Monday, August 8, 2011

Linux guest on Vmware problem solved...

So we've had this intermittent issue over the last year+ where sometimes when we add memory to a linux vm in our vmware environment, the box will act really weird with the new memory. It looks like there's a memory leak or something, because as soon as we starting applications and begin using the box, we run out of memory, it becomes slow as it starts swapping, etc. I've dug into it before, but could never identify where the memory was going. I could tell that there was no more available memory, but even once we stopped the applications, we wouldn't have as much free memory as we should have (free meaning including RAM that was currently being used for fs cache/buffer). I think the ultimate solution was usually to rebuild the box =( This also happened sometimes when building a new vm that was cloned from a different one. I always suspected it was something in vmware, maybe a memory leak, maybe something in the memory add and cloning process, but I could never nail it down.
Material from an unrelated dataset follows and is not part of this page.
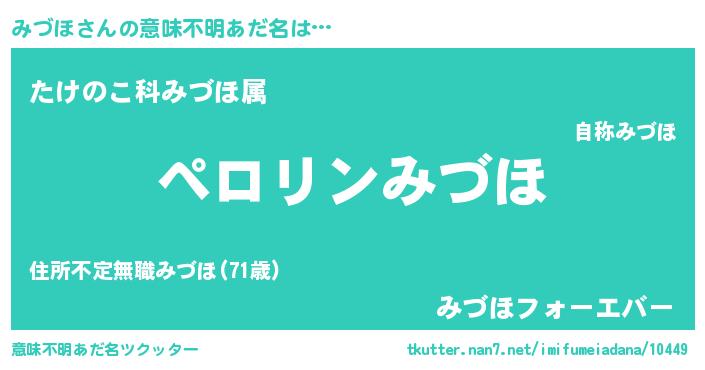 | ピコ太郎風あだ名 | 『ミコ五郎』『ピミ一郎』『ミヅ八郎』 |

So it happened again recently, we added memory and the box started acting up - additional reboots resulted in the same issue. I jumped on the box right away and actually saw the vmmemctl process in the guest was one of the top processes by cpu usage. I remember last time this happened I got down the path of suspecting it was something with vmmemctl and or memory ballooning, but not knowing vmware I didn't put two and two together and stopped digging before things clicked for me. This time after looking at what was happening on the box, doing some quick googling, I found this forum post- http://communities.vmware.com/thread/133290 and then went into the vsphere client, checked out that guest's limit... sure enough the limit was set to 1gb of ram even though there was 6gb of ram allocated to the guest!! I had the sysadmins change it to unlimited, but the box didn't start responding right away, so we did one more reboot... and problem solved.
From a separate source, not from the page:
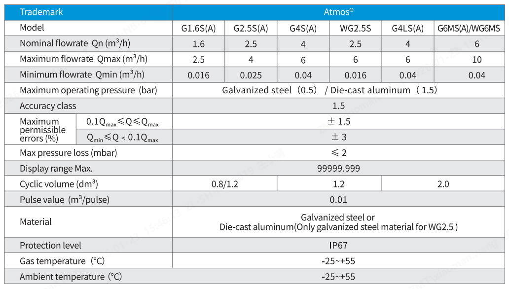Atmos® 膜式燃气表 G1.6|G2.5|G4|WG2.5|G4L|WG6M

Looking back, it all makes sense now. I talked to our sysadmin who was most familiar with these vmware controls (not the one I had worked with on this in the past)_and see how adding memory and cloning definitely could cause this misconfiguration to all of a sudden become a problem. I'm not sure how the limit got set in the first place, since it's not something our sysadmins use... we are wondering if upgrading the virtual hardware or vmware tools sets it sometimes??
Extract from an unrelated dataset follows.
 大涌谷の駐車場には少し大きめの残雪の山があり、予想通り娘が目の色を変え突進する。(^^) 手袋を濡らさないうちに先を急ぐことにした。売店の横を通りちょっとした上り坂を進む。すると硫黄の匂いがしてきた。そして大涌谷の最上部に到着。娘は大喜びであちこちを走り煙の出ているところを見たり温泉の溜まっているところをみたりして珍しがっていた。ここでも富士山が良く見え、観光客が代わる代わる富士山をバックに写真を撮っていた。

The other thing that still bugs me is how vmmemctl "uses" memory when vmware is doing memory ballooning or enforcing memory limits to make the guest think there's no more available memory... Did I miss something as far as detecting that's the process that was using memory? Or is there no way from the guest point of view to be able to tell that ballooning/limit enforcement is kicking in at the time?

Saturday, July 23, 2011

Using a HornetQ bridge with JMS order by group

Left this as is for reference, but it doesn't work as designed. See bottom of the post for how to actually get this to work.
Some of our jms processes (several message producers sending to HornetQ jms bridges that push messages to Jboss Messaging queues living in Jboss EAP 5) use message groups for controlling when messages get processed. In this particular environment there are a couple extra steps to make sure it works correctly:

1. Add a new connection factory to the jboss instance where JBM is hosted - edit file deploy/messaging/connection-factories-service.xml and add:

<mbean code="org.jboss.jms.server.connectionfactory.ConnectionFactory"
name="jboss.messaging.connectionfactory:service=GroupedConnectionFactory"
xmbean-dd="xmdesc/ConnectionFactory-xmbean.xml">
<depends optional-attribute-name="ServerPeer">jboss.messaging:service=ServerPeer</depends>
<depends optional-attribute-name="Connector">jboss.messaging:service=Connector,transport=bisocket</depends>
<depends>jboss.messaging:service=PostOffice</depends>

<attribute name="JNDIBindings">
<bindings>
<binding>/GroupedConnectionFactory</binding>
<binding>/GroupedXAConnectionFactory</binding>
<binding>java:/GroupedConnectionFactory</binding>
<binding>java:/GroupedXAConnectionFactory</binding>
</bindings>
</attribute>

<attribute name="EnableOrderingGroup">true</attribute>
</mbean> 

You could of course, edit the existing ConnectionFactory to add the EnableOrderingGroup parameter if you wanted to enable the ordering group for your existing CF, rather than adding a new one and leaving the existing one alone.

2. Change hornetq config (this assumes you already have the other hornetq config done) - edit hornetq-beans.xml, change the target connection factory definition to look like this, making sure you specify the JNDI name of the CF you created in step 1 (GroupedXAConnectionFactory in this case)


<!-- TargetCFF describes the ConnectionFactory used to connect to the target destination --> 
<bean name="TargetCFF" class="org.hornetq.jms.bridge.impl.JNDIConnectionFactoryFactory"> 
<constructor> 
<parameter> 
<inject bean="TargetJNDI" /> 
</parameter> 
<parameter>GroupedXAConnectionFactory</parameter> 
</constructor> 
</bean> 


3. When creating the message to send, make sure you do this:
msg.setStringProperty("JMSXGroupID", myGroupID);

Depending on how you have them configured, you probably will have to restart hornetq and jboss for the changes to take effect. Once completing all these steps, you will be able to send messages through the bridge to the jbm queue and still have the messages grouped/ordered correctly.

Update: This does NOT work since Jboss Messaging doesn't seem to follow the jms spec for message groups. What happens is all the messages that go through this ConnectionFactory end up getting the same group id. I will update the post with how to actually accomplish this.

How to actually do this
1. I think it would work if both messaging servers were JBM, but I'm not sure about the bridging capabilities of jbm, so it may not work for a different reason
2. Have something pull the messages off the hornetq queue where that message grouping works, and submit them to the jbm queues using their setMessageGroup method. This means a lot of extra work and the bridge concept becomes way more complicated, even if it would work.
3. Switch the message provider of the destination (jboss in our case) to hornetq, meaning that both the bridge and the destination have the same message grouping semantics.

We ended up doing #3, and after getting hornetq to work in jboss eap 5 (make sure you read the redhat docs on how to configure this!) it has worked flawlessly.

Tuesday, June 21, 2011

JBoss Drools in a warehouse management system..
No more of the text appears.